Trapped! A Whale’s Rescue

Trapped

Trapped! A Whale’s Rescue
by Robert Burleigh (Author) and Wendell Minor (Illustrator)

Booktalk: In the icy waters of the Pacific, a massive humpback whale unexpectedly finds herself tangled in a net abandoned by fishermen. When a rescue boat and a convoy of divers arrive to help the struggling humpback, a realistic and moving encounter bridges the human and aquatic worlds.

Snippet:
The chug-chug of a motor fills the air.
Rescuers. Are they too late?
Divers drop cautiously into the frigid water.

They know the whale is wild.
One quick roll of her immense body can crush.
One blow from her gigantic tail can kill.

TrappedSpread

Six Traits Mini Lesson

Trait: Organization The title of the book, Trapped! A Whale’s Rescue, sets up the way the book will be organized. We know what will happen just by reading the title. The whale will be trapped and then rescued.

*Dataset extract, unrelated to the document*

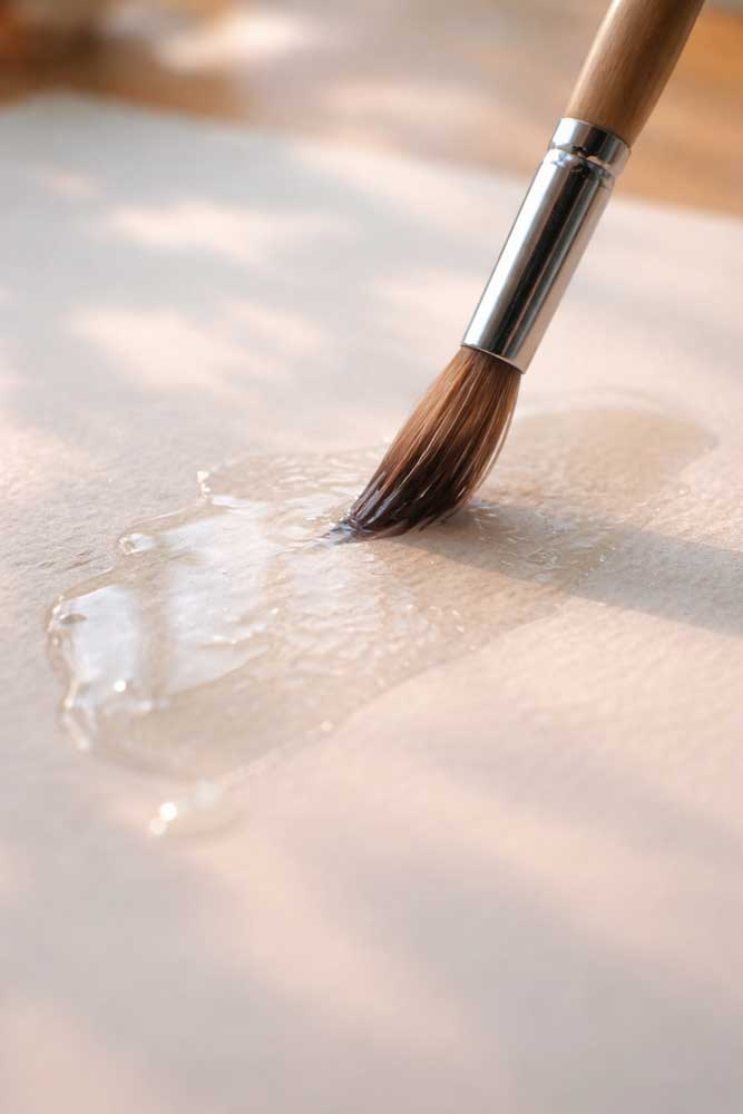 Setze mit dem Pinsel etwas Farbe auf das Papier.

This excerpt appears on the page after the whale becomes trapped in the forgotten fishing net. Notice how the events unfold in chronological order.

The sound comes first.

The chug-chug of a motor fills the air.

Then we find out more about that sound.

Rescuers.

At the end of the second line comes that essential, emotional question.

Are they too late?

And then the rescue begins . . .

Divers drop cautiously into the frigid water.

Trait: Organization There is another organization pattern at work in this book. Notice how the text is organized into three line units.

The chug-chug of a motor fills the air.
Rescuers. Are they too late?
Divers drop cautiously into the frigid water.

They know the whale is wild.
One quick roll of her immense body can crush.
One blow from her gigantic tail can kill.

Organizing text into a predetermined number of lines is a poetic device. The Poetry Foundation Glossary defines it this way:
Tercet
“A poetic unit of three lines, rhymed or unrhymed.”